**Data records**.
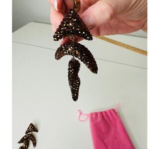 Vintage Richard Kerr Bronze Rhinestone Chunky Clip Earrings
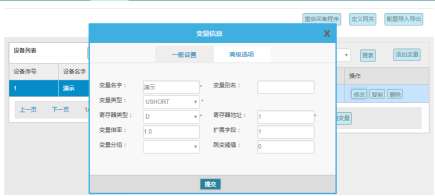 變量配置主要是定義變量名(自定義內(nèi)容,不可使用中文命名)、變量別名(自定義,可使用中文名字)、寄存器類型和寄存器偏移地址,并定義一些數(shù)據(jù)規(guī)則(如:倍率、小數(shù)點、單位、告警)。
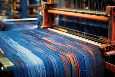 denim fabric being woven on industrial loom, created with generative ai
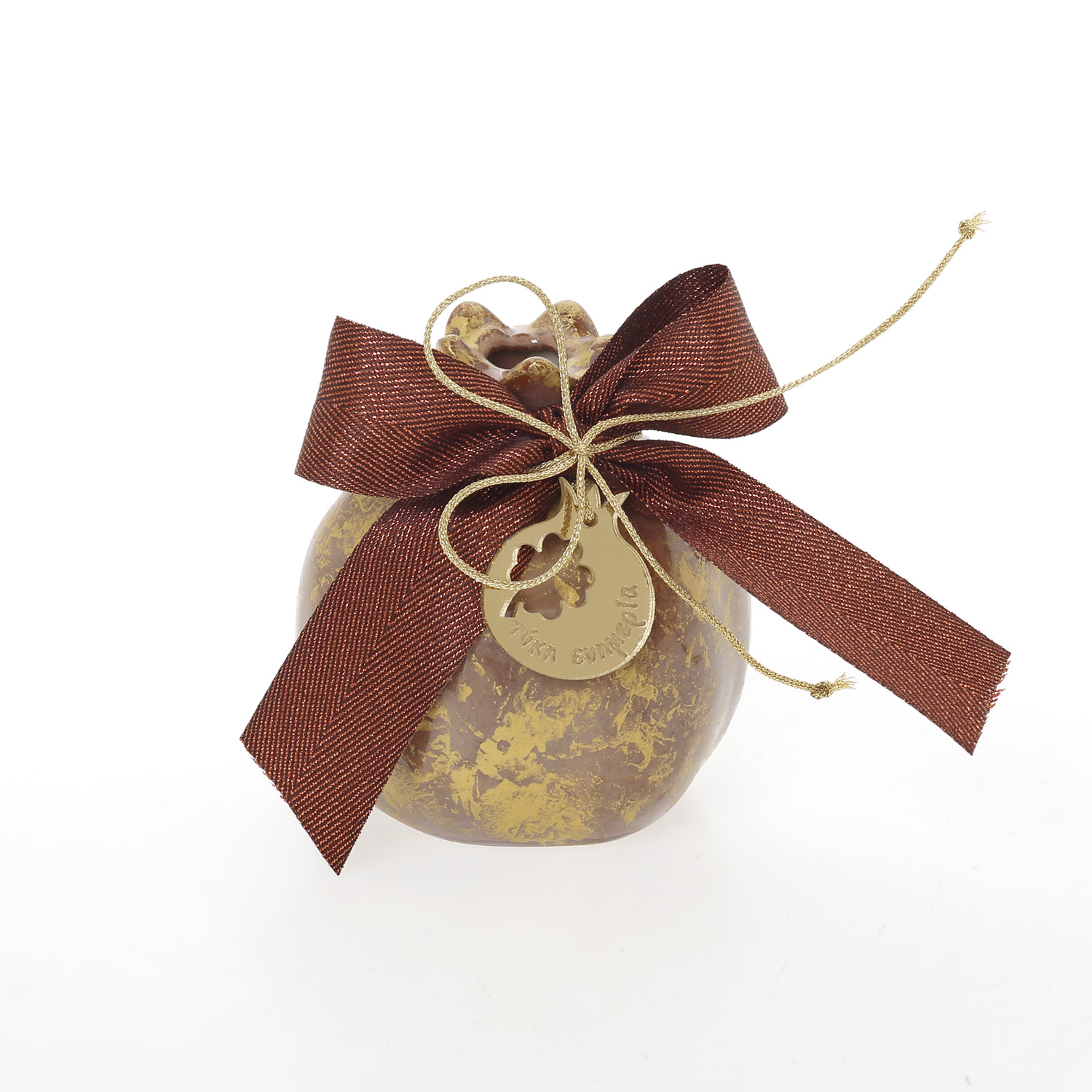 Ρόδι σάπιο μήλο πορσελάνη πατίνα χρυσή στολισμένο ρόδι ευχές 7,5cm
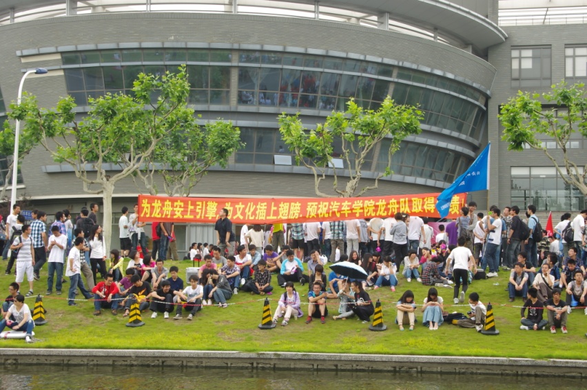 决赛中,汽院龙舟队和国防生作为去年的冠亚军再次相遇,整个过程两支队伍齐头并进,由于身体素质上的短板,最终遗憾的以0.5秒的差距屈居亚军。
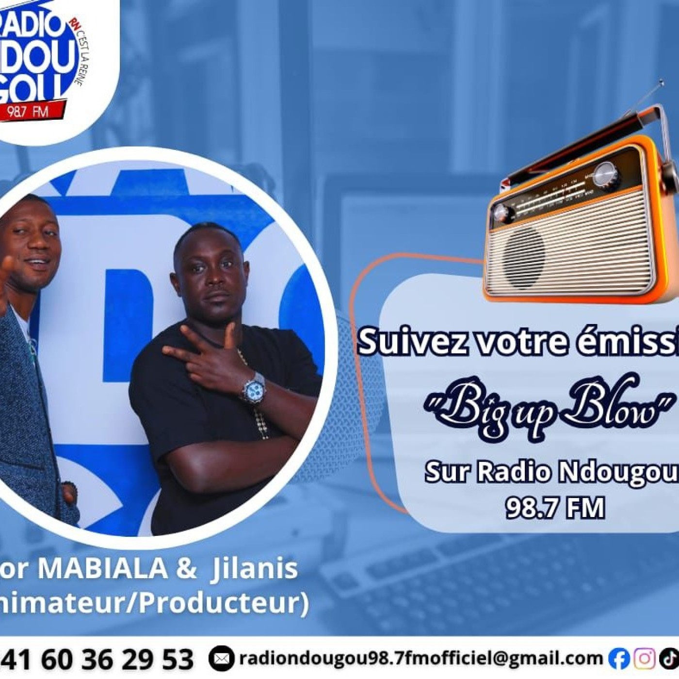 « Big Up Blow » est une émission jeune, rythmée et urbaine, pensée pour les amoureux de musique, de culture et de vibes positives. Diffusée sur la station Radio Ndougou, elle met en avant les talents émergents, les tendances musicales et l’univers vibrant de la jeunesse.
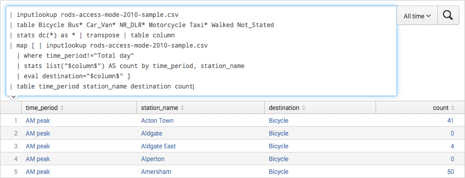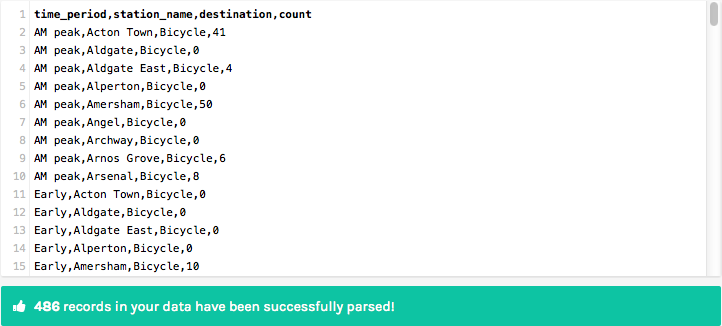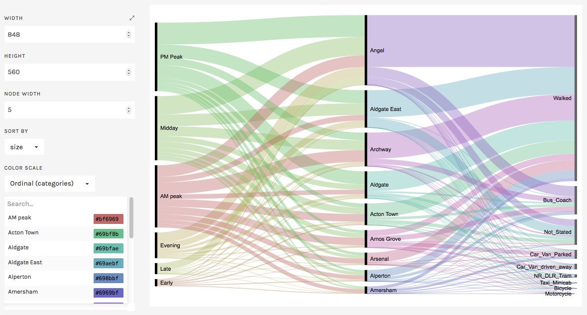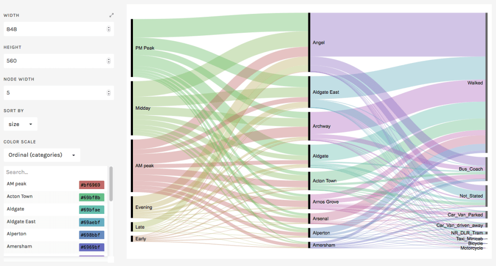Here’s the first example in action, reachable via Chart Examples menu. The data comes from Transport of London data portal, this specific data set (CSV) is a sample for the Rolling Origin & Destination Survey (RODS) available under “Network Statistics” section from the portal.
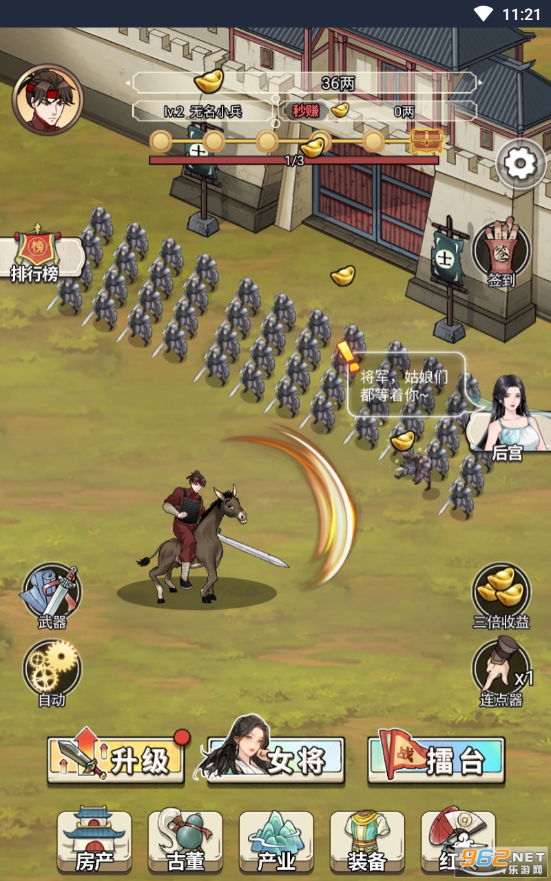 主角攻城、破城、砍小兵大将,拿下一个个城池、升级、获得美女的玩法,男人最喜欢的:战斗+美人!开局我还骑着一头驴,在城墙下打小兵,这游戏还有个后宫!好家伙,还不给进,在这吊我胃口,要打赢曹操才能开启后宫,但你看我这头驴,再看看对面,失败!
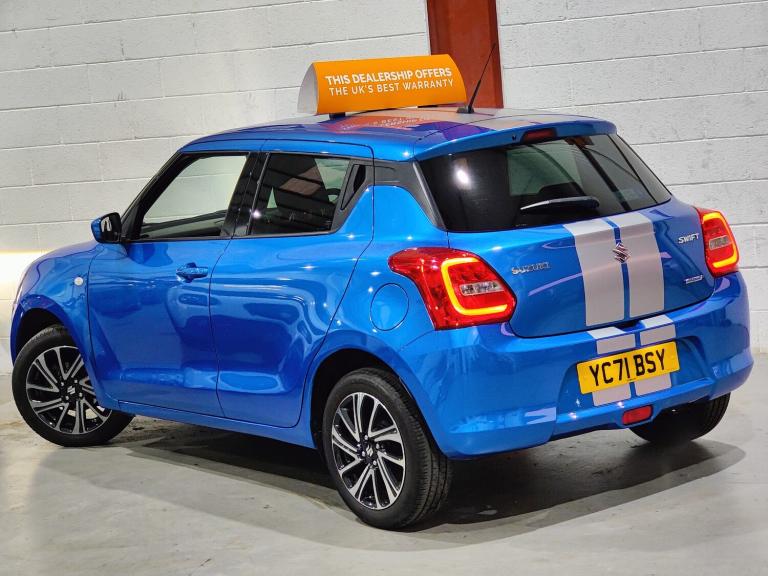 The Car Shack HX Ltd are delighted to offer a stylish, economical, and low-mileage hatchback, this outstanding 2021 71 Suzuki Swift 1.2 Dualjet Hybrid SZ-L. Finished in a stunning metallic blue and having covered just 8152 miles from new with only 2 owners, this ULEZ-compliant Swift offers the perfect blend of modern technology, low running costs, and everyday practicality. Powered by Suzukis 1.2 Dualjet 83PS mild hybrid petrol engine and paired with a smooth 5-speed manual gearbox, it delivers excellent fuel efficiency and a refined, enjoyable drive. It comes with a valid MOT until 27082026, and although recorded as a Category S professionally repaired, it drives exactly as it should with no faults, making it an excellent value-for-money option with huge savings off the original list price grab yourself a real bargain. Well equipped with a generous specification including 16-inch alloy wheels, rear parking camera, Apple CarPlay, Android Auto, Bluetooth connectivity, adaptive cruise control, collision assist, lane departure warning, LED daytime running lights, air conditioning, touchscreen infotainment system, DAB radio, ISOFIX mounting points, and a leather multifunction steering wheel. The bodywork, interior, and tyres are all in excellent condition, reflecting the vehicles careful ownership. It is HPI clear of finance and comes with flexible parts and labour warranty options available for 3, 6, 12, or 24 months to suit your needs. Nationwide delivery is available, part exchange welcome any car considered, and the car can be reserved with a small deposit. Viewings are by appointment only at The Car Shack HX Ltd, Unit 14A, West Central Business Park, Victoria Road, Halifax, HX1 5QH. To arrange a test drive, video viewing, or for more information, please give us a call. Our dedicated staff work hard to ensure your experience with us is the absolute best, and customer satisfaction is always our top priority. This is one of the best-value, low-mileage examples of the Suzuki Swift Hybrid SZ-L currently on the market, a superb opportunity not to be missed.
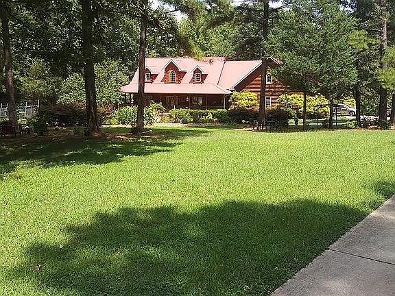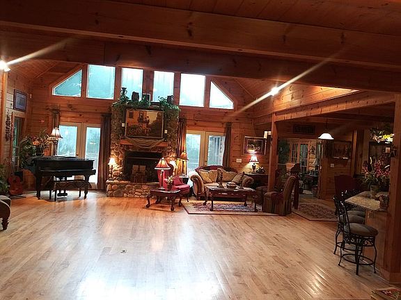 Truly unique! It's like owning 2 homes under one roof: 2 kitchens, 2 garages, 2 dens, 2 fireplaces-a suite for elderly parents perhaps? 6 bedrooms, secluded 6.64 acres, pool, wrap-around porch, no HOA fees, no city taxes, delicious well water (365 ft. deep), area for vegetable garden, nectarine, fig and apple trees, lots of storage, low electric bill since logs insulate well and the windows are high grade. Even comes with a generator! Square footage verified by appraiser. Redfin estimate: $1,286,226
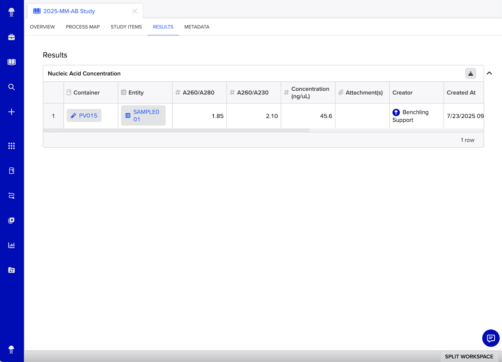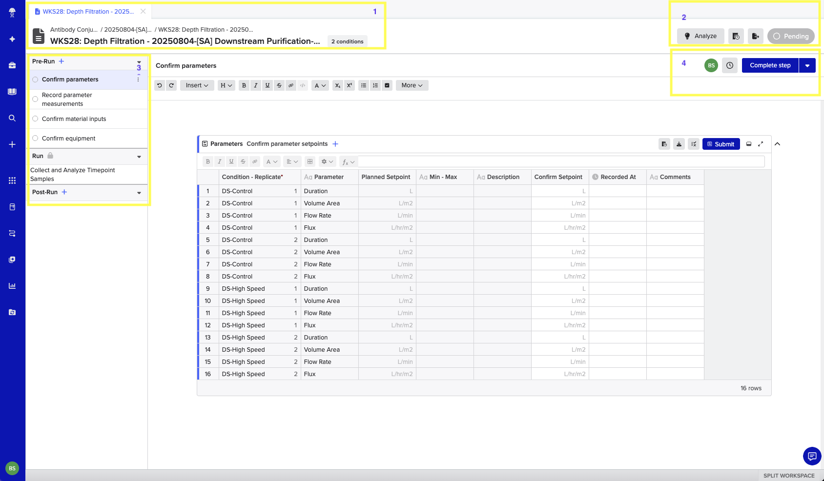 - Batch Execution – Users can execute their experiments with guided operator instructions that are dynamically populated from the Recipe and experiment plan, along with fields for structured and automated data capture.
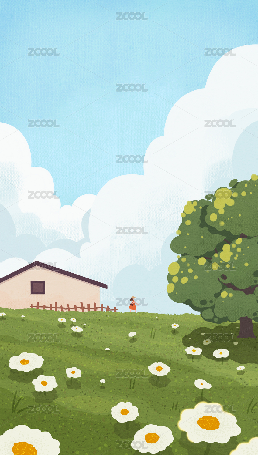 风景,蓝天,白云,插画,风景插画
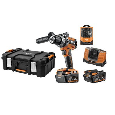 La Perceuse-visseuse à percussion Brushless avec batteries 4,0 Ah et accessoires BSB18C2BL-402TC - AEG est parfaitement adaptée à un usage pour les bricoleurs exigeants comme professionnels. Avec un couple de 65 Nm, elle permet le perçage, vissage et percussion du bois, du métal et du béton.
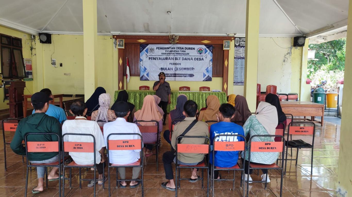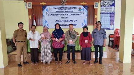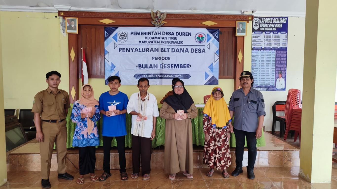 Duren, 12 Desember 2025 Pemerintah Desa Duren Kecamatan Tugu, Kabupaten Trenggalek, pada pukul 08.00 Wib kembali menyalurkan Bantuan Langsung Tunai Dana Desa ( BLT – DD ) Tahun Anggaran 2025. Sebanyak 26 Keluarga Penerima Manfaat (KPM) Desa Pengulon menerima Bantuan Langsung Tunai Dana Desa (BLT-DD) Untuk Bulan Desember Tahun 2025 yang berlangsung di Kantor Desa Duren. Sebanyak 26 Keluarga Penerima Manfaat ( KPM ) Desa Pengulon kembali mendapatkan Bantuan BLT-DD sebesar 300.000 Per Bulannya.
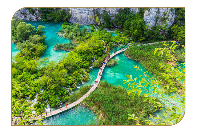 有歐洲九寨溝美譽及世界自然遺產的普萊維斯國家公園-南斯拉夫最綺麗的國家公園,由數座大小湖泊及無數瀑布組成,又稱為十六湖國家公園。它是由水和石灰岩層變化而形成特殊的石灰華地形,且湖水會因含有各種不同礦物質成分的變化而顯得瑰麗異常。
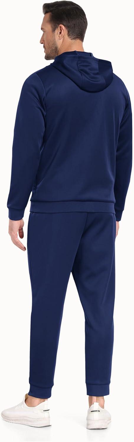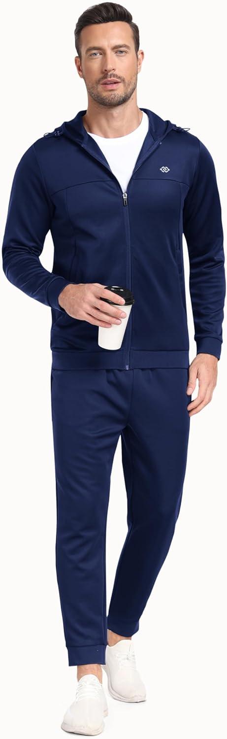 MoFiz Mens 2 Piece Tracksuit Casual Sweatsuits Full Zip Track Suits Jogging Athletic Hooded Gym Sport Running Suit Sets Zipper Pockets Navy L
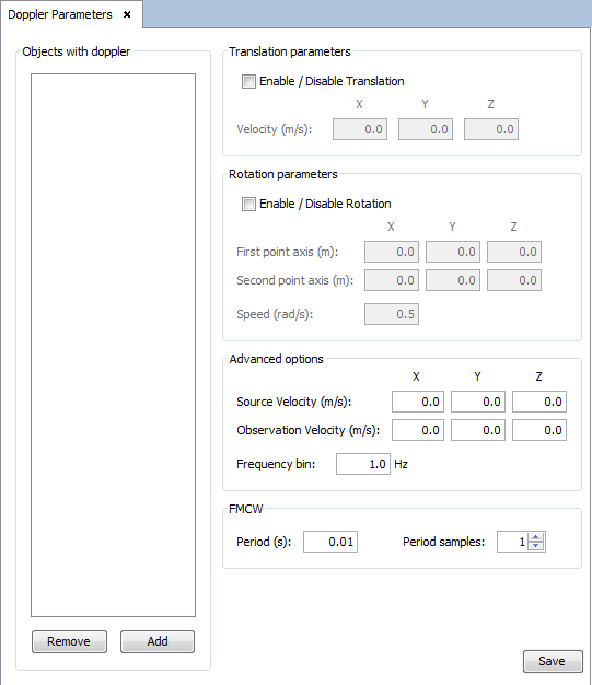 In this panel, we can add Doppler Effect to objects in the geometry. To do this, select an object from the geometry view and press the Add button. The selected object will be added to the list of objects. It is possible to remove the Doppler Effect from an object by selecting it from the list and pressing the Remove button.
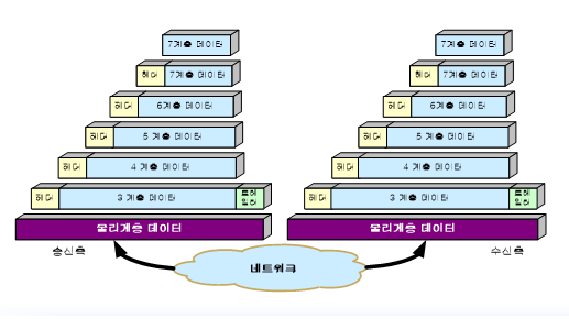 네트워크의 통신은 물리 계층을 통해서 이루어지며 상위 계층의 데이터를 전송하고자 할 때 데이터에 헤더를 추가하여 하위계층으로 보낸다.
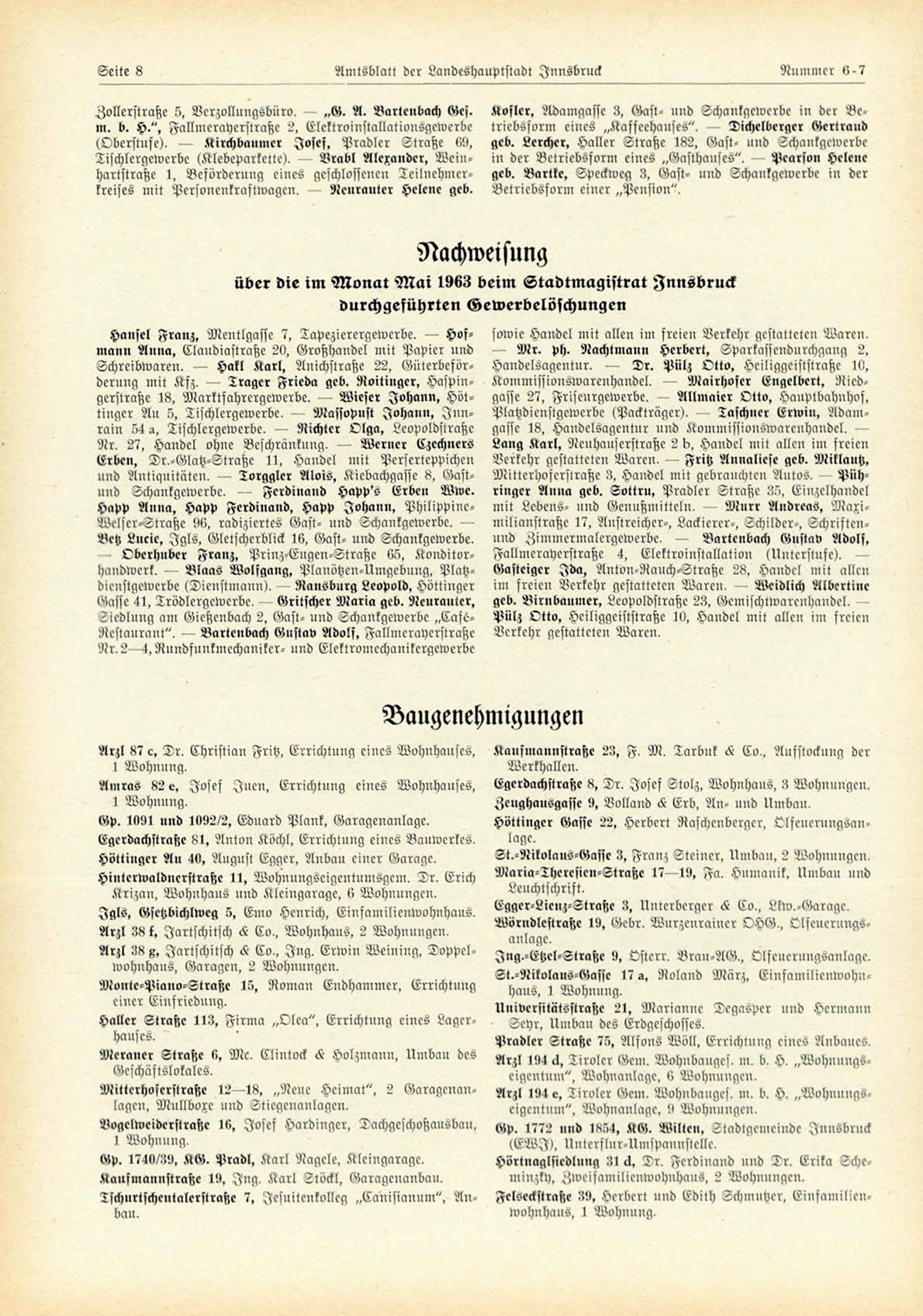 über die im Monat M a i 1963 beim Stadtmagistrat Innsbruck

**Exercise directions**. From the listing above, restate verbatim the lines running from the one with "- Batch Execution" through the one with "La Perceuse-visseuse à", inclusive, but not the pictures.

**Solved exercise**.
 - Batch Execution – Users can execute their experiments with guided operator instructions that are dynamically populated from the Recipe and experiment plan, along with fields for structured and automated data capture.
 风景,蓝天,白云,插画,风景插画
 La Perceuse-visseuse à percussion Brushless avec batteries 4,0 Ah et accessoires BSB18C2BL-402TC - AEG est parfaitement adaptée à un usage pour les bricoleurs exigeants comme professionnels. Avec un couple de 65 Nm, elle permet le perçage, vissage et percussion du bois, du métal et du béton.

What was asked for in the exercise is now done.